Further studies of mice with and without a gut microbiome revealed that during acute liver failure, distinct molecules generated by the microbiome accumulate in the liver, where they activate the MYC protein in the three liver cell subtypes that contribute to liver damage. Without a microbiome, MYC activation was attenuated, leading to reduced liver damage.

 

Kolodziejczyk then worked out the molecular details of MYC activation.
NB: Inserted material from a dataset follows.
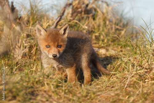 © Menno Schaefer, Naklejka premium Red fox cub in nature at springtime on a sunny day.

She found that the molecules coming from the microbiome activate the MYC program through surface receptors on the three cell subtypes that she had identified earlier as aggravating the liver failure. She also found that the MYC program was activated in the same manner – that is, through the same receptors on the three cell subtypes – by signals coming from liver cells damaged by paracetamol.

 

When the mice were genetically depleted of functioning receptors, given drugs that blocked MYC or otherwise had the signals between these receptors and MYC interrupted, they no longer developed acute liver failure and their survival was extended.

 

Gene expression analysis of individual cells showed that in the treated mice, the three newly identified cell subtypes were no longer abnormally activated, and this reduced both the immune cell infiltration and the resultant liver damage.

 

Finally, the researchers teamed up with Shlomai to analyze liver samples from patients with acute liver failure and to compare them with samples from healthy liver donors. Those from the patients – but not from healthy donors – were characterized by robust MYC activation that was similar to the one observed in mice.

 

These results raise the possibility that blocking the MYC program by drugs, coupled with microbiome modulation, may prove to be a potential treatment for acute liver failure. “Our findings provide a first step towards achieving a comprehensive understanding of how the microbiome interacts with the host in contributing to acute liver failure,” Elinav concluded. “Such knowledge could lead to a new treatment option for this cureless and devastating disorder.”

 

Asked to comment, Prof. Jonathan Halevy, a veteran liver specialist and the president of Jerusalem’s Shaare Zedek Medical Center, said the Weizmann research was a “beautiful, comprehensive and original study both in the discovery of the subgroups of cells in the liver whose stimulation plays a role in acute liver failure and in the discovery of the signals from the microbiome. It remains to be seen, of course, whether MYC blockade and broad-spectrum antibiotic treatment will improve acute liver failure conditions in humans as well.”